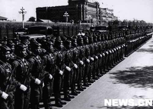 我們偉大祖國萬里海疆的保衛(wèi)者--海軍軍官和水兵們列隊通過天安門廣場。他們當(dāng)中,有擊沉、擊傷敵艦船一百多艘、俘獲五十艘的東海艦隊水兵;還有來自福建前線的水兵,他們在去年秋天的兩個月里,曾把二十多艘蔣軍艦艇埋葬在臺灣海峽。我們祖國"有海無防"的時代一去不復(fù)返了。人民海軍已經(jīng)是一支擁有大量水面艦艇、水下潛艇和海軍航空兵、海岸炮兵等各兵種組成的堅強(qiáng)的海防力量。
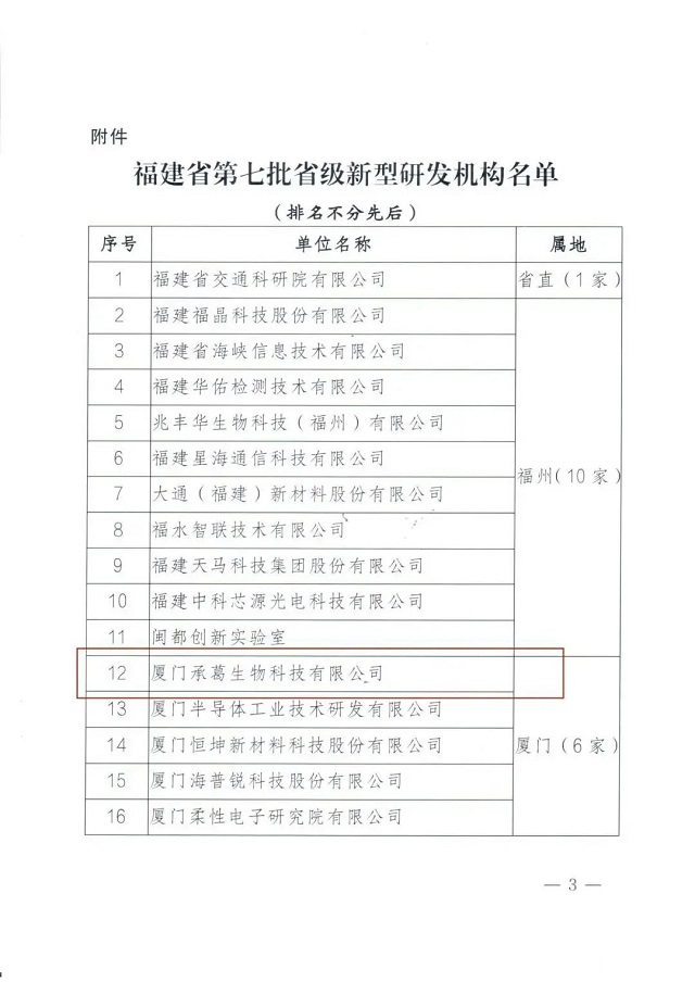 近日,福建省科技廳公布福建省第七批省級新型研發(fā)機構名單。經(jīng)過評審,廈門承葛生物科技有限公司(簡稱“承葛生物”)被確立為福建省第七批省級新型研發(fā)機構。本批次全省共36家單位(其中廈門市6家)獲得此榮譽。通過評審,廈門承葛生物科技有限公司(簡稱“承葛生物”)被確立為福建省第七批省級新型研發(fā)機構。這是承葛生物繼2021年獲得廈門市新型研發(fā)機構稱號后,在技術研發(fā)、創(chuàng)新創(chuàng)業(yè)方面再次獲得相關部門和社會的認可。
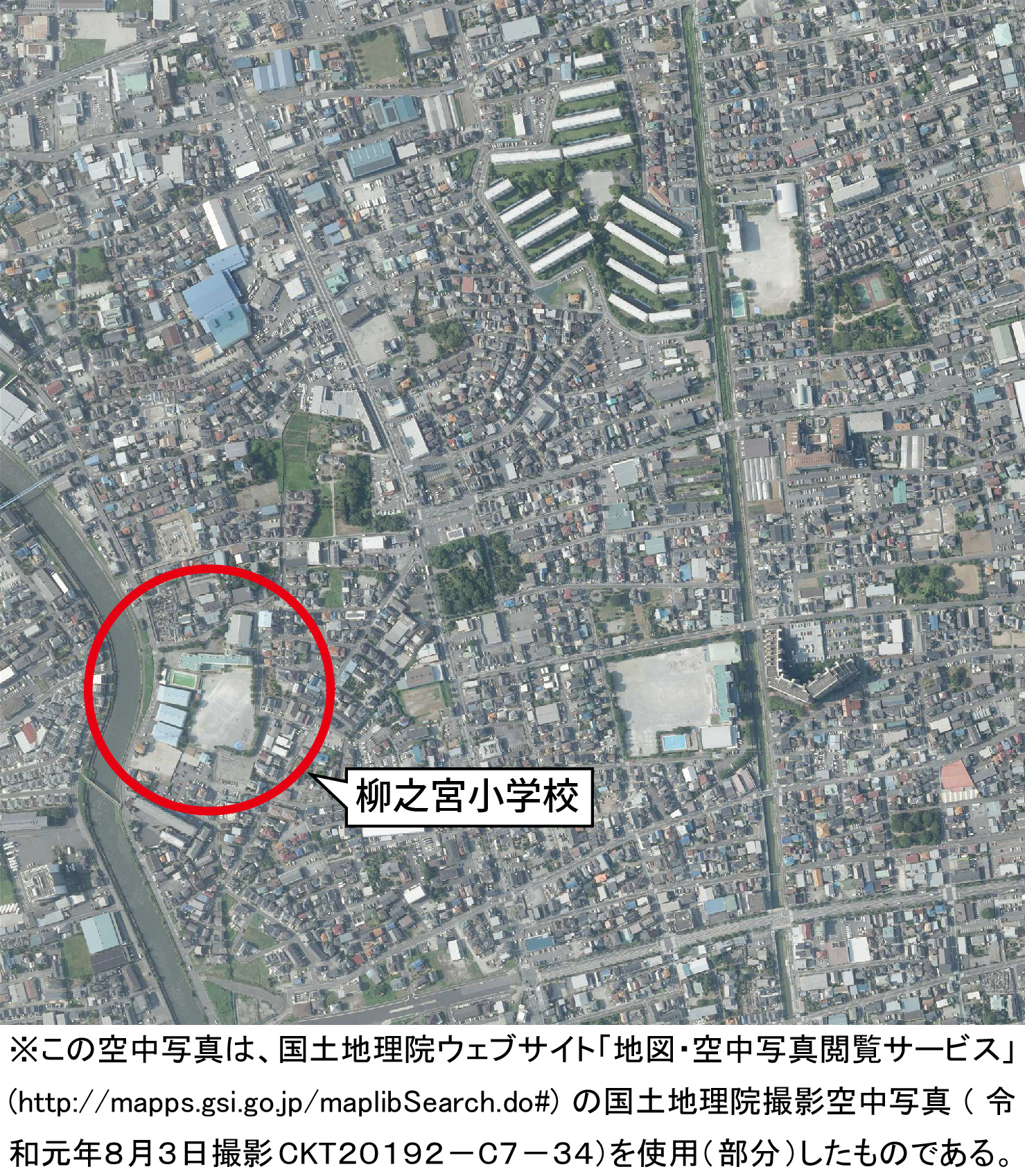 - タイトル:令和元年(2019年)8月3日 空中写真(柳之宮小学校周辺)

* * *

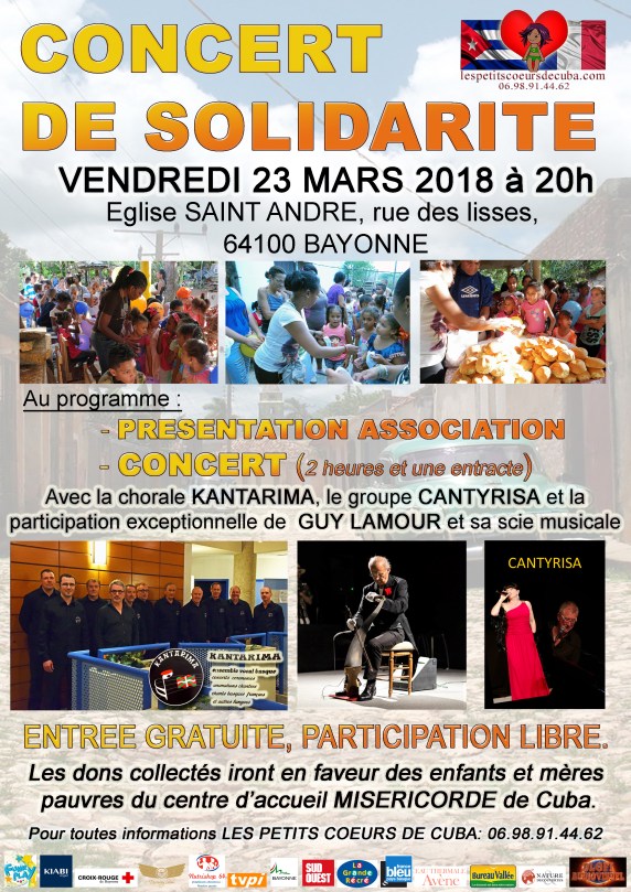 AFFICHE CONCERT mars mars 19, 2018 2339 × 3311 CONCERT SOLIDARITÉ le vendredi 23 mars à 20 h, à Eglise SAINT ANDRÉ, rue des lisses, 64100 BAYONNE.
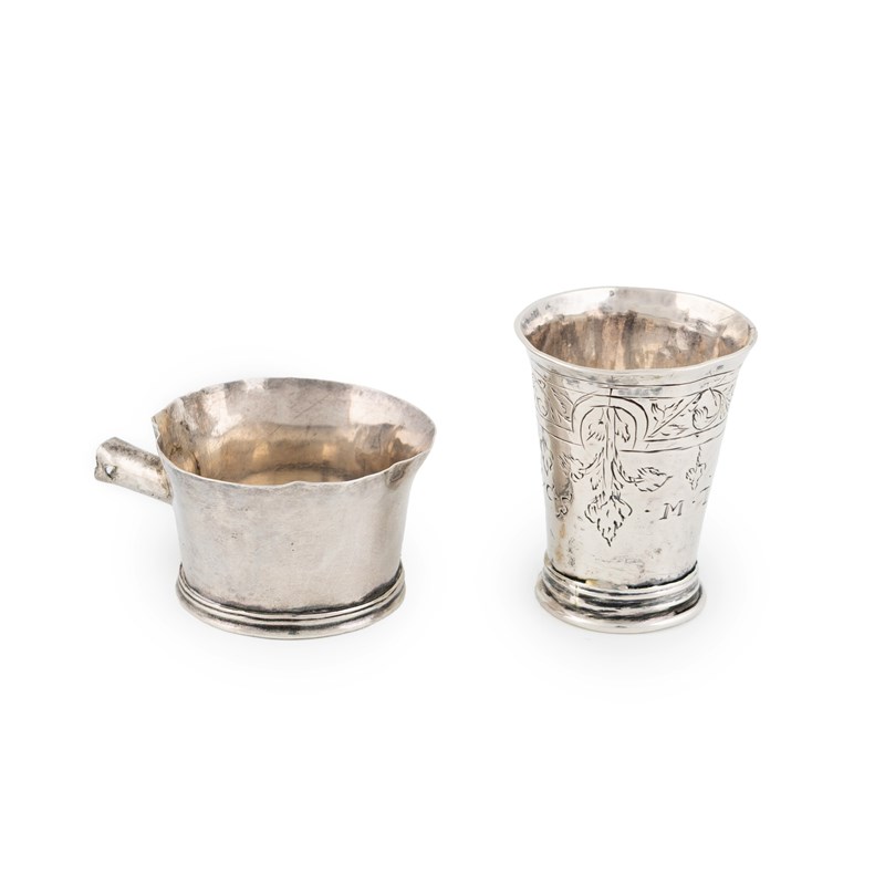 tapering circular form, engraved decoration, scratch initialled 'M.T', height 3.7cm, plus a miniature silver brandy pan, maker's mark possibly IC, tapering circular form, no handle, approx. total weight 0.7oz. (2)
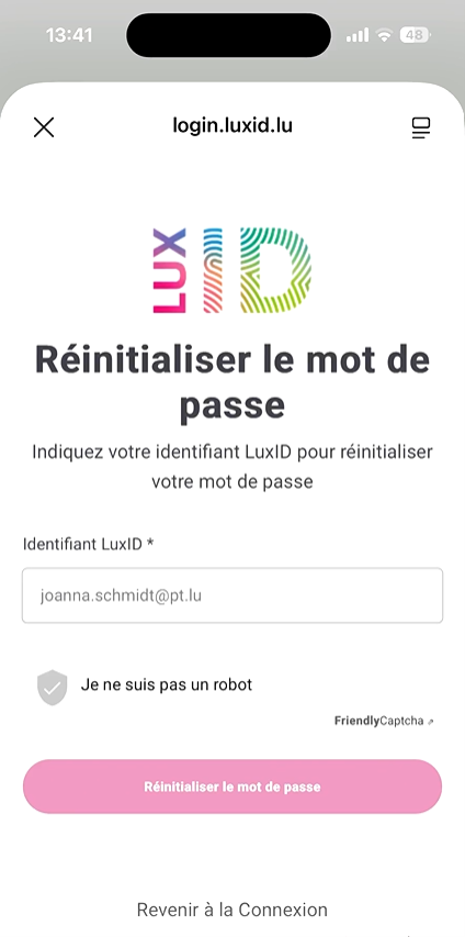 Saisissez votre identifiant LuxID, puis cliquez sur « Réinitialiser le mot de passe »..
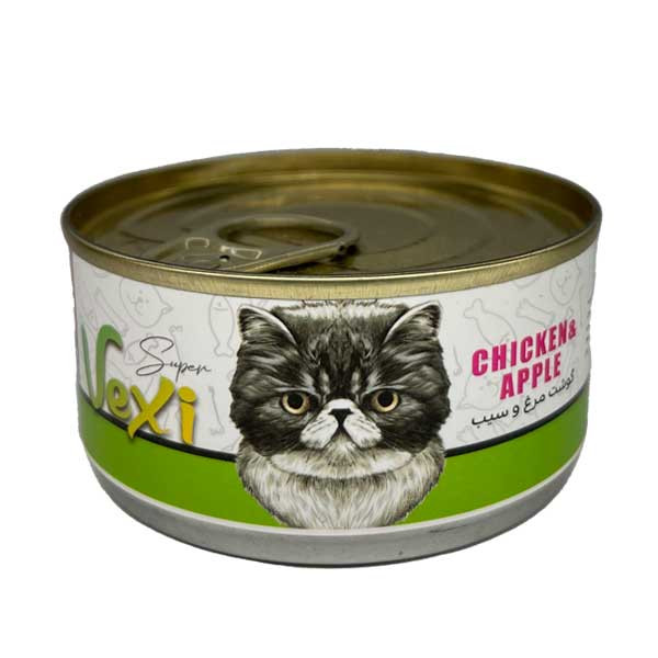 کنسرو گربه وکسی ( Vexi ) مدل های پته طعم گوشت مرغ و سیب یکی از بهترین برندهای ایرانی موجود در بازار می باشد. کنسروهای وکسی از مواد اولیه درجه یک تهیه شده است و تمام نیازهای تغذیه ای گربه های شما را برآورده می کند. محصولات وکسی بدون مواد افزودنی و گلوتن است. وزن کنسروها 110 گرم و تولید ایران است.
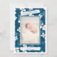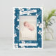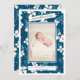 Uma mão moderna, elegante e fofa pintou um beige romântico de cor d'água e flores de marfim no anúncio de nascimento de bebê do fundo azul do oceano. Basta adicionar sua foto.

* Exercise objective
Here the job is to copy the stretch of records from the line containing "کنسرو گربه وکسی" through the line containing "Uma mão moderna, elegante", word for word. Leave every picture out.

* Reply
 کنسرو گربه وکسی ( Vexi ) مدل های پته طعم گوشت مرغ و سیب یکی از بهترین برندهای ایرانی موجود در بازار می باشد. کنسروهای وکسی از مواد اولیه درجه یک تهیه شده است و تمام نیازهای تغذیه ای گربه های شما را برآورده می کند. محصولات وکسی بدون مواد افزودنی و گلوتن است. وزن کنسروها 110 گرم و تولید ایران است.
 Uma mão moderna, elegante e fofa pintou um beige romântico de cor d'água e flores de marfim no anúncio de nascimento de bebê do fundo azul do oceano. Basta adicionar sua foto.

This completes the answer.